Stored records -
○ ○ ○ ○ ○

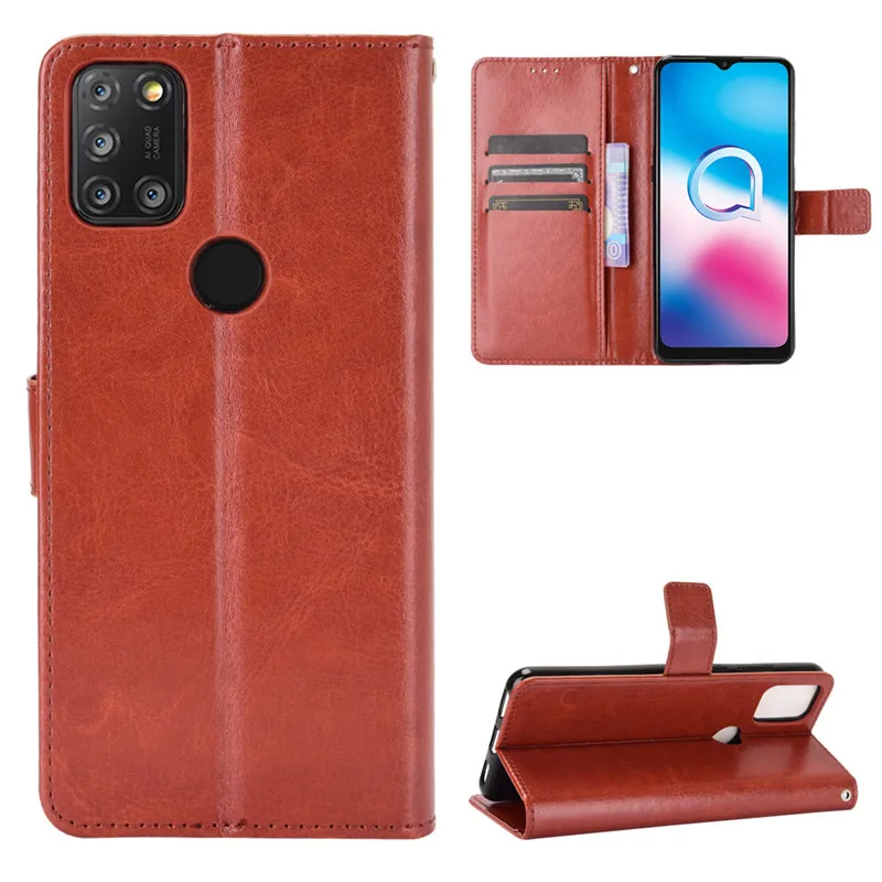 Кожаный флип-чехол для Alcatel 3X 2020, Ретро Магнитный флип-чехол для телефона
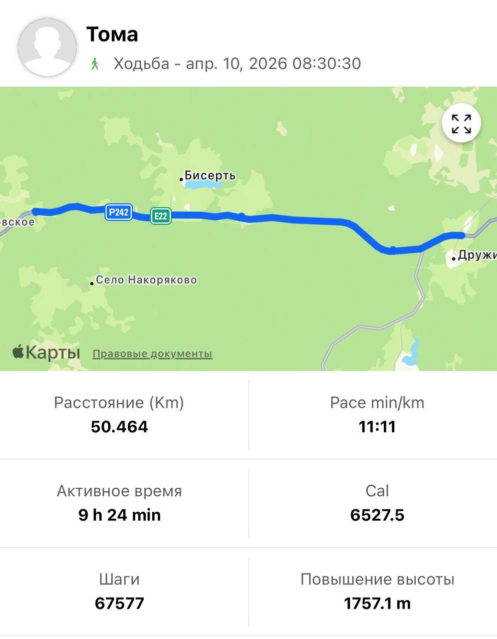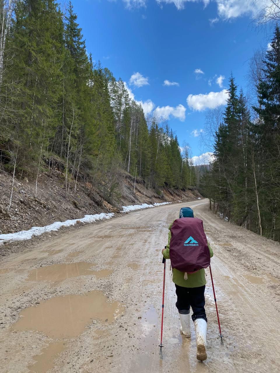 - 10 апреля: из-за закрытого отеля пришлось пройти больше запланированного — 50,46 км до села Дружинино. На еду ушло 1480 рублей.
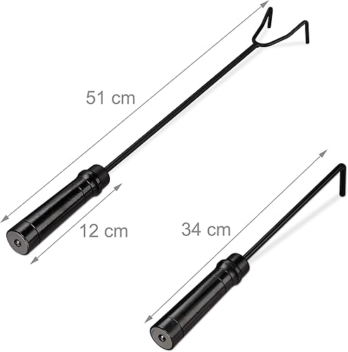 Relaxdays Schürhaken Set, 2 Feuerhaken für Kamin, Ofen, Grill und Feuerschale, Kaminhaken Stahl, Aschekratzer, schwarz, 2er
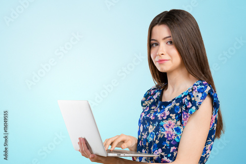 © fotofabrika, Naklejka premium Attractive smiling young woman holding laptop computer
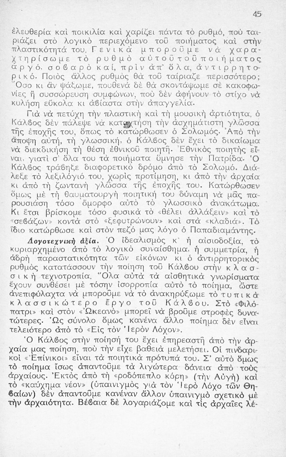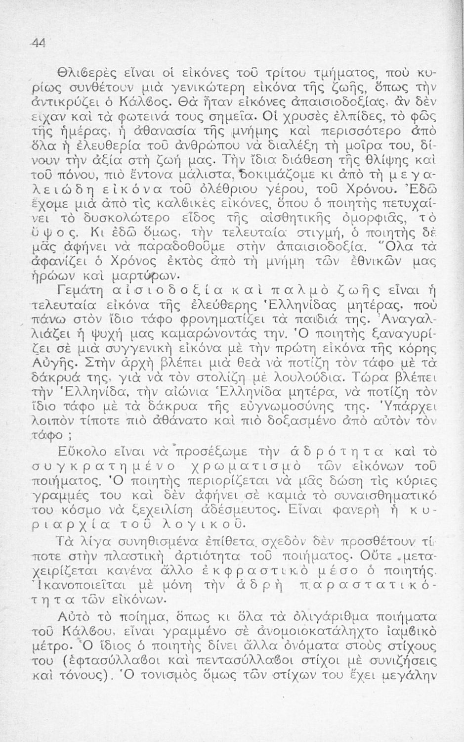 Παιδαγωγικό βοήθημα που περιλαμβάνει αναλύσεις των ποιημάτων του Κάλβου Ωδή στον Ιερόν Λόχον, Ο Φιλόπατρις, Τα Ηφαίστεια και Εις Δόξαν με σκοπό να αποκαταστήσει τη φήμη του ποιητή στους καθηγητές της ...

○ ○ ○ ○ ○

Line by line, retype the records above exactly, minus the images.

 Кожаный флип-чехол для Alcatel 3X 2020, Ретро Магнитный флип-чехол для телефона
 - 10 апреля: из-за закрытого отеля пришлось пройти больше запланированного — 50,46 км до села Дружинино. На еду ушло 1480 рублей.
 Relaxdays Schürhaken Set, 2 Feuerhaken für Kamin, Ofen, Grill und Feuerschale, Kaminhaken Stahl, Aschekratzer, schwarz, 2er
 © fotofabrika, Naklejka premium Attractive smiling young woman holding laptop computer
 Παιδαγωγικό βοήθημα που περιλαμβάνει αναλύσεις των ποιημάτων του Κάλβου Ωδή στον Ιερόν Λόχον, Ο Φιλόπατρις, Τα Ηφαίστεια και Εις Δόξαν με σκοπό να αποκαταστήσει τη φήμη του ποιητή στους καθηγητές της ...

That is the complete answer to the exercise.